Gesamtbeurteilung der Klasse OI G

Gesamturteil Klasse OI G

Will man die Leistungen der Klasse gerecht beurteilen, so muss man berücksichtigen, dass sie zu den Jahrgängen gehört, die gar keinen oder nur ungeregelten Unterricht in der Mittelstufe hatten. Ein schlechtes Gedächtnis, auf jahrelangem Eiweissmangel beruhend, erschwerte das Erlernen der lateinischen und griechischen Sprache in 5, bezw. 4 Jahren sehr.

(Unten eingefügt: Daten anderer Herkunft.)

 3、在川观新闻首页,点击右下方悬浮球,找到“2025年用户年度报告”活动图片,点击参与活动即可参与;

Ernsten Fleiss und unermüdliche Gewissenhaftigkeit hat die Klasse genug aufgebracht; fast alle Schülerinnen lernten mit lebhaftem Ehrgeiz, um möglichst bald alles Versäumte nachzuholen. Die Fähigkeit, das erlernte Wissen in eigenen lebendigen Besitz zu verwandeln, hielt mit dem Ehrgeiz nicht immer ganz Schritt. Korrektes Arbeiten, korrektes Verhalten erleichterte zwar die Disciplin, nicht aber den unmittelbaren und lebendigen Austausch. Die Discussion kam meist nur langsam in Fluss, umso mehr als die Klasse mit eigenen Ideen und mit Phantasie nicht reich gesegnet ist. Darum kann sie auch in Aufsätzen und in altsprachlichen Übersetzungen, die mit korrektem Wissen allein nicht gemeistert werden können, enttäuschen.

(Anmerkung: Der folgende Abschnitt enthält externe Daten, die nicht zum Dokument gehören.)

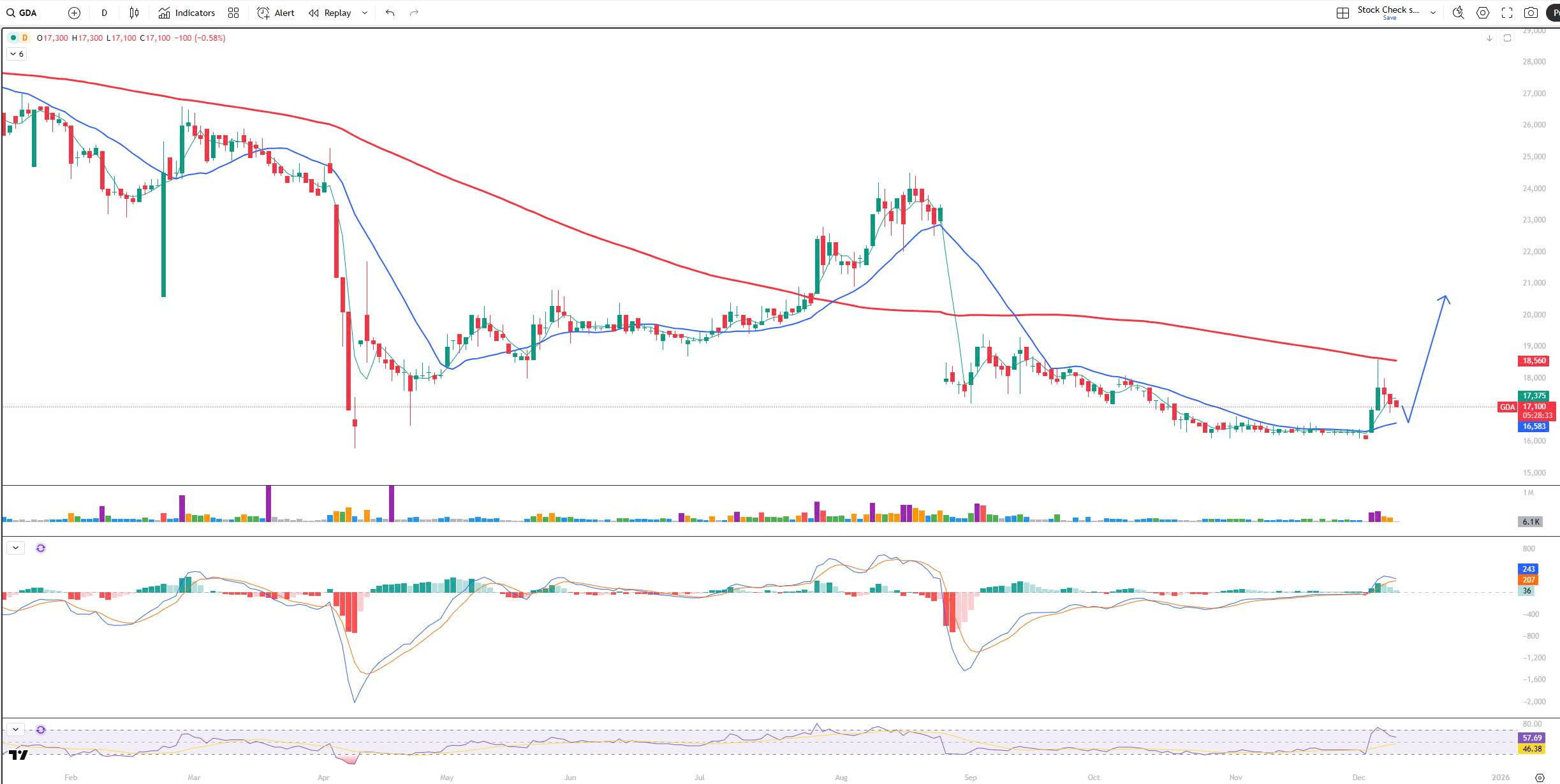 Khuyến nghị MUA GDA (09/12/2025), giá vào 16.500 - 17.100 VNĐ, mục tiêu 1: 18.700, mục tiêu 2: 21.500 VNĐ, cắt lỗ 16.000 VNĐ

Dass die humanistische Ausbildung heute so schwer ist, hat die Klasse oft bedrückt, vielleicht auch ihre Schwungkraft gelähmt. Das stille Verhalten im Unterricht lässt wenig erkennen, wie zugewandt sie allein geistigen Dingen ist, wie sie alles Schöne geniesst und geniessen möchte, das diese Erde noch zu bieten hat. Auch schwierige geistige Probleme greift sie mit Eifer und Interesse an.

Ausserhalb der Schule entdeckt man erst ganz, wie sehr diese Mädchen noch auf die Schule eingestellt sind; die jungen Menschen in ihnen sind noch sehr zaghaft und in manchen noch gar nicht wach. Da alle neun Individuen noch stark mit sich selbst beschäftigt sind, ist es begreiflich, dass die Erziehung zum Leben miteinander besonders schwierig war. Sie verstehen sich erst seit dem gemeinsamen Ausflug im Herbst dieses Jahres. Selbst in diesen äusserlich ungetrübten Ferientagen lag über der Gemeinschaft ein eigentümlicher Ernst, der für diese Mädchen so selbstverständlich ist, dass sie sich seiner nicht einmal bewusst sind. Der Krieg und die Schatten eines harten Daseinskampfes spiegeln sich wahrscheinlich in dem Charakter der Klasse wider.